Jim Jordan, a former CTO Board member
who was originally nominated by Wintergreen, raised the question of whether or
not the current Board was appropriately carrying out its duties with respect to
CEO oversight. Mr. Jordan resigned from the CTO Board at least
in part because of his negative view of the conduct of the Board and of the
Nominating and Corporate Governance Committees. At the time of his
resignation in March 2008, Mr. Jordan stated “it is a mistake to combine the
titles of Chairman and Chief Executive Officer, which goes against now generally
accepted best practice in corporate governance.” Statements such as these
by a resigning director should cause concern for thoughtful
investors about whether the Board is functioning properly and in the best
interests of all shareholders.
A recent
Wall Street Journal article (“Chairman-CEO Split Gains
Allies,” B4, March 30, 2009) points out that more and more independent
directors and corporate leaders are in favor of separating the roles of Chairman
and CEO. In addition, a study released last month by The Corporate
Library, an independent corporate governance research and analysis firm, found
companies with a joint Chairman/CEO position are more likely to have “troubling
governance characteristics” than companies which split the two
roles. We hope you will agree that the corporate governance issues
described in this letter serve to demonstrate the findings described
above.
We urge you to
vote “FOR” Wintergreen’s proposal to adopt a resolution requesting that the
Board implement a policy that the positions of chairperson of the Board and
Chief Executive Officer should be separated.
De-Classification
of the Board and Fixing the Number of Directors Constituting the
Board
We have
urged the current Board to address what we perceive to be inappropriate
practices that transfer value from shareholders to management and the
Board. Unfortunately, the Board’s reaction has been to further
entrench its current members.
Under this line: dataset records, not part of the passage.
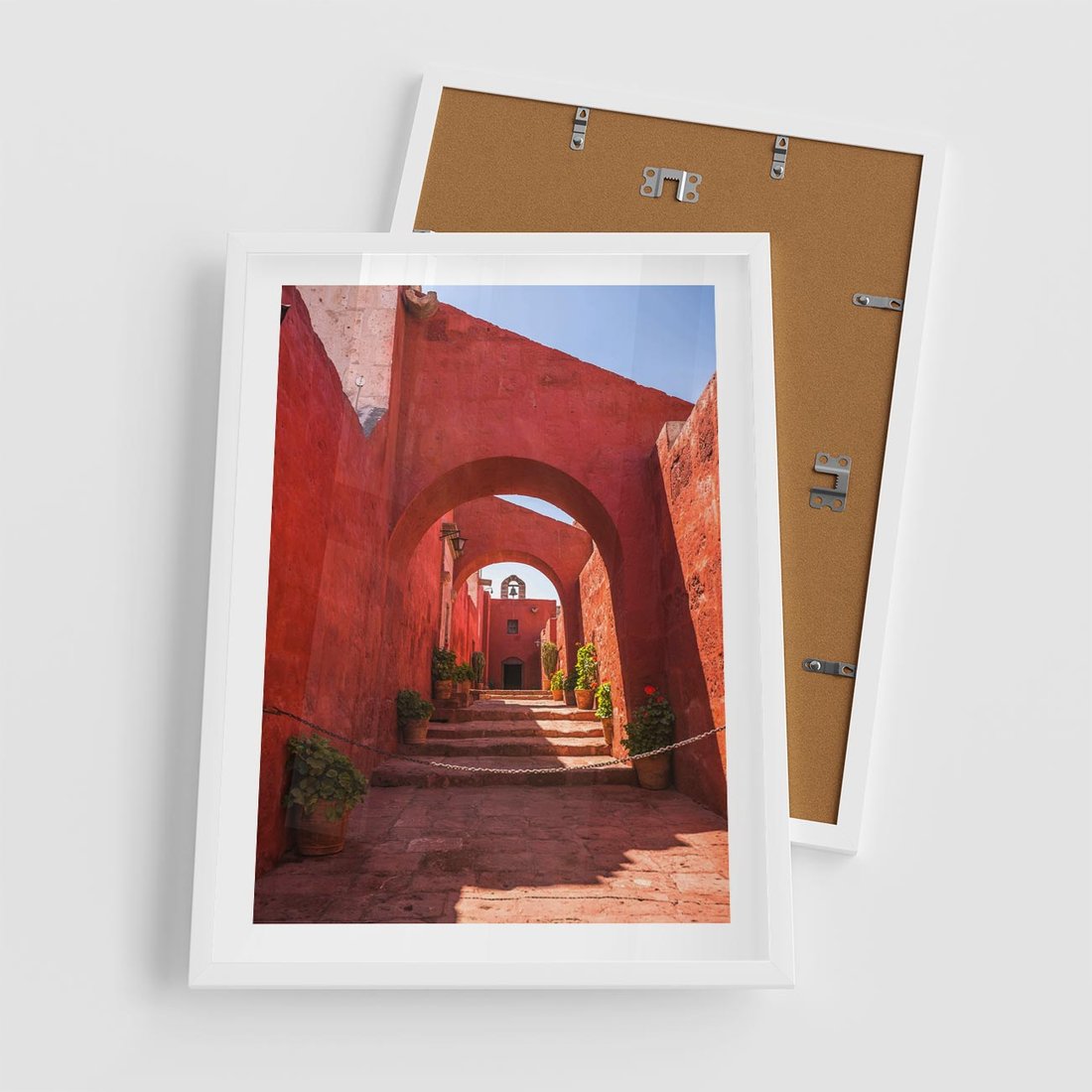 Przenieś się w świat tajemniczej uliczki dzięki temu obrazowi. Linie horyzontu, gra świateł i cieni oraz głębia perspektywy tworzą fascynującą aurę. Idealny dla miłośników miejskich krajobrazów i tych, którzy pragną przenieść się w magiczny świat architektury.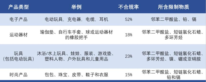2023 年 12 月,歐洲化學(xué)品管理局(ECHA)論壇公布了第 10 次聯(lián)合執(zhí)法項(xiàng)目(REF-10)的調(diào)查結(jié)果。結(jié)果顯示,市場(chǎng)上某些消費(fèi)品中含有過量的危險(xiǎn)化學(xué)品,如鉛和鄰苯二甲酸鹽,總不合規(guī)率達(dá)到了 18%。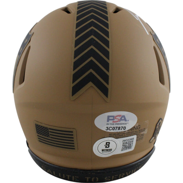 The number in the listing title is just an inventory sku for our records and is not the authentication number. This is a stock photo, unless otherwise noted. This is a NFL Shield 2023 Salute to Service Mini Helmet that was personally autographed by Travis Kelce and Jason Kelce. Includes a certificate of authenticity from Beckett Authentication Services (BAS), Proffesional Sports Authenticator (PSA/DNA) and Denver Autographs.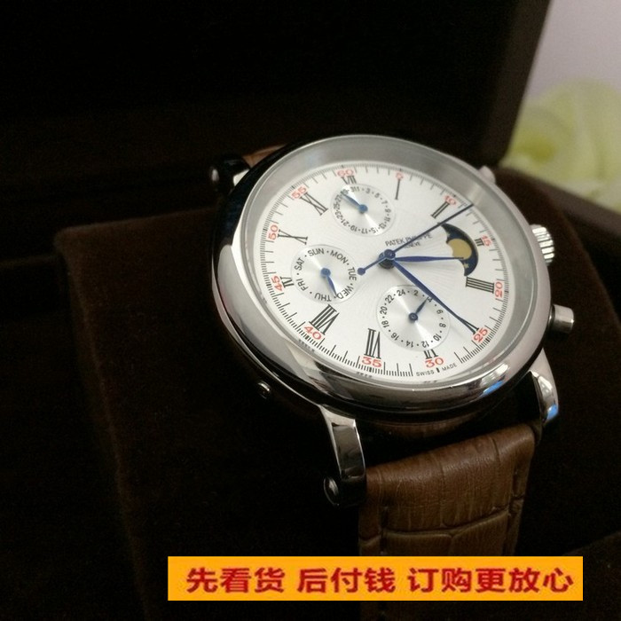 百達翡麗 精鋼高精密3曆晝夜指示自動機械錶男錶棕色皮帶

The Board has maintained a classified structure,
which reduces accountability of the Board to shareholders, and serves to
entrench current directors, even if they are performing poorly.
The
majority of S&P 500 companies have declassified Boards, and multiple
independent studies have found a positive link between firm value and practices
favoring shareholders, such as annual election of
directors. Shareholders of CTO deserve no less than full
representation.
CTO Board
members and management own approximately 3% of the outstanding shares of the
company. In addition, the majority of these shares were obtained by
Chairman/CEO Bill McMunn via share grants and stock appreciation rights approved
by the current Board. In this regard, Chairman/CEO McMunn has
received 76,000 share options and stock appreciation rights since 2005, at no
cost to him, all the while, other shareholders that bought their stock on the
open market suffered through a 60% loss in the value of their shares. It is
difficult to argue that interests of McMunn or the other members of the current
Board are aligned with those of the shareholders when in addition to the
circumstances described above with respect to conflicts related to overlapping
director relationships and CEO oversight, (i) McMunn continues to
receive multi-million dollar compensation while the share value of the Company
has declined, and (ii) the Board is so poorly represented in respect of share
ownership, and the majority of the shares actually owned by the Board were
acquired without consideration. As a result of the misalignment described
herein, it is more important
than ever that the Board be unable to dilute the voice of shareholders by
keeping the Board classified and increasing or decreasing the number of
directors constituting the Board at its leisure and in its interest, at the
expense of the shareholders.
We urge you to
vote “FOR” Wintergreen’s proposals to (i) adopt a resolution requesting that the
Board take the steps necessary to amend the Articles of Incorporation and
By-Laws of the Company to de-classify the terms of the Board and require that
all directors stand for election annually, and (ii) to adopt a resolution
requesting that the Board take the steps necessary to amend the Articles of
Incorporation and By-Laws of the Company to provide that the Board shall consist
of no more than eleven (11) directors.
PROTECT
YOUR INVESTMENT BY VOTING FOR TRULY INDEPENDENT BOARD NOMINEES AND FOR THE OTHER
WINTERGREEN SHAREHOLDER PROPOSALS DESCRIBED HEREIN
In
conclusion, we believe that for too long, the corporate governance issues we
believe plague the Board have interfered with the efficient management of the
company. We believe the company has been poorly managed – from a
business strategy that calls for the accelerated liquidation of the company’s
crown jewel of 11,000 acres of undeveloped land in Daytona Beach, and the
purchase of commodity retail income properties at unappealingly low rates of
return, with no pricing power and minimal inflation protection in their fixed
rents, to the management of a golf course which has lost over $1 million per
year every year for the past eight years (losing a total of over $11 million in
shareholder money over that period) with no apparent plan for turning it around
or for disposing of it. All of this has taken place with little
apparent oversight from the Board. Concurrently, CTO executives have been richly
rewarded for mediocre performance, with Chairman/CEO McMunn accumulating more
than $3.5 million in salary, bonuses and exercised stock options and Stock
Appreciation Rights over the past four years. In addition, Board
members have engaged in transactions with the company and each other with what
appears to be little to no independent review, consideration or
oversight. Shareholders have paid the price for
these decisions – CTO’s stock is down roughly 60% over the past three and a half
years.
The
shareholders of CTO own a valuable asset that we believe can never be duplicated
– 11,000 acres of pristine, undeveloped Florida real estate, 8,000 of which are
contiguous. We believe the company is in desperate need of a Board of
directors which is capable of developing a long-term plan for this land to
maximize its value for the benefit of its owners – CTO’s
shareholders. The three truly independent director candidates
proposed by Wintergreen will work with management to make the most of the
company’s assets for the benefit of all shareholders, and to bring the company’s
corporate governance standards into the 21st
century. CTO’s true owners deserve no less.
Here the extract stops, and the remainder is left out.